改めてガッサン・カナファーニーを思い出しながら

 数日前、或る会議で出会った友人が、こう言った。「私はよく真夜中のNHKラジオを聞いているんだけど、1時、2時などのきっかりした時間になると流れる、ほんの短いニュースが好きだ。でも、昨夜は驚いた。ガッサン・カナファーニー(写真)の本が急に売れ始めていて、増刷になったというニュースが、突然に脈絡もなく、流れた。」
「エッ ほんとう? じゃあ、『ハイファに戻って』とか『太陽の男たち』のこと?」
「そう、それ、それ」
 一瞬のうちに流れては消えてゆくラジオ・ニュースの内容を、友人はそれ以上説明できなかった。ほんとうに、それだけだったのか、もっと脈絡はなかったのか。私もまた、かつては、ラジオ深夜便を聞きながら、遅くまで、時には明け方まで何ごとかをしていることが多かったから、この時間帯でも定時的に流れるニュースのことは知っている。でも、こんな意外性のあるニュースが流れたことがあっただろうか? 記憶は曖昧だが、疑問だ。

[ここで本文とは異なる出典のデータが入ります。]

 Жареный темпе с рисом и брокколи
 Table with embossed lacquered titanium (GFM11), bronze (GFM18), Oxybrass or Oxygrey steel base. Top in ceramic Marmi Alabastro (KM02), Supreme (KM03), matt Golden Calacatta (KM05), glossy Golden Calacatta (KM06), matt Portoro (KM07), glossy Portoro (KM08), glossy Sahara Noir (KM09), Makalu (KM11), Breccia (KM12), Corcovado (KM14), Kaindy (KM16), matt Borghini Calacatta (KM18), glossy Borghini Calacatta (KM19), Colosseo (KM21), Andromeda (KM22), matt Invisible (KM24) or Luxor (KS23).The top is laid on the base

 想像してみる。深夜のNHK番組への、上層部のチェックは甘い。視聴率も高くはない。心ある記者かディレクターがいれば、監視体制の緩みを突いて、ふだんなら「許されない」類のニュースをさり気なく滑り込ませることができたのかもしれぬ。聞く方も、集中して聞いているというよりは、「ながら族」に違いないから、聞き覚えのある「ガッサン・カナファーニー」というパレスチナの作家の名のみに反応して、少しはあったに違いない前後の脈絡までは耳に入らなかったのだろう。

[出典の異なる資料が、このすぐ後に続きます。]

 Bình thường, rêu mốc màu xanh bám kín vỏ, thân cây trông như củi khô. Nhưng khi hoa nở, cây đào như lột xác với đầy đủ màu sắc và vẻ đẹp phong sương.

 この小さな、しかし忘れがたい挿話が、当の友人の幻聴ではなかったとして、脈絡を聞きそこなった友人のために、私が大幅な脚色を施してみる。

 ――去る10月7日、ガザ地区のイスラーム原理主義組織ハマスがイスラエル領内に入り込んで行なった攻撃では、1000人以上のイスラエル人が犠牲になり、100人近くの人びとが人質としてハマスに囚われていると言われている。これに対して、イスラエルはガザ地区を実効支配するハマスを殲滅すると公言し、彼らを「動物のような人間」と呼んだり、核爆弾の使用も辞さないとの発言が政府高官から飛び出したりしている。イスラエルはこれまでもガザ地区を完全に包囲し、パレスチナ人に対する生殺与奪の権を握ってきたが、今回は電気・ガス・水道など、そこに住む人びとの生存権に関わる基本インフラまでを断ち切る一方、民間人が多く住む市街地までをも容赦なく爆撃の対象として、連日連夜の攻撃を続けている。

 当初は、ハマスのテロに対する厳しい非難の声に溢れていた世界では、ガザにおける人道上の危機を目の当たりにして、これまでとは異なる動きが目立っている。今回のハマスの攻撃を「ナチスによるホロコースト以降で最悪の事態だ」と語るイスラエル政府に対して、米国のユダヤ人社会からは「私たちの名前を騙るな」との声が上がっている。政府が明らかにイスラエル寄りの姿勢を守る欧州各国でも、ロシアのウクライナ侵攻に対する態度との矛盾を「二重基準」だとして批判し、「ガザ解放!」「パレスチナに自由を!」と叫ぶ大規模なデモが展開されている。アラブ諸国でもパレスチナに連帯する動きがさまざまに広がっていることは言うまでもない。南米のボリビア政府はイスラエルが「好戦的で不釣り合いだ」として、同国と断交した。コロンビアとチリも、イスラエル駐在大使を召喚している。

 このようななか、遠く離れた日本でも、多様な動きが始まっている。東京のイスラエル大使館近くでは連日のように抗議集会が開かれており、広島の原爆ドーム前でも、「ガザ地区への軍事侵攻およびジェノサイドの即時停止」を求めるキャンドル集会が回を重ねている。パレスチナ・イスラエル問題を学びなおすための書籍をまとめて特設コーナーを作っている書店でも、顕著な動きが見られるという。パレスチナの作家、ガッサン・カナファーニーの小説が売れ行きを急速に伸ばしており、出版社では久しぶりの増刷を決めた。カナファーニーは、1936年、現在は占領パレスチナ領域内にあるアッカーで生まれた。12歳を迎えた1948年、この年は、パレスチナ人にとっては「ナクバ」(大厄災)として記憶されている、人造国家イスラエルの建国のために、パレスチナの人びとが土地から追い出され、奪われ、殺され、生き残った人びとも流浪の民となった年だ。イスラエル建国に先立つほぼ一ヶ月前、デイルヤーシン村虐殺事件が起こり、ユダヤ人武装組織が多数の村人を殺した。それは奇しくも、カナファーニーの誕生日に当たる日だったが、カナファーニーの一家は難民となってシリアへ逃れた。その後も、カナファーニーはクウェート、シリア、レバノンなどへと居を移しながら、文学活動と政治活動の双方への関わり合いを深めていった。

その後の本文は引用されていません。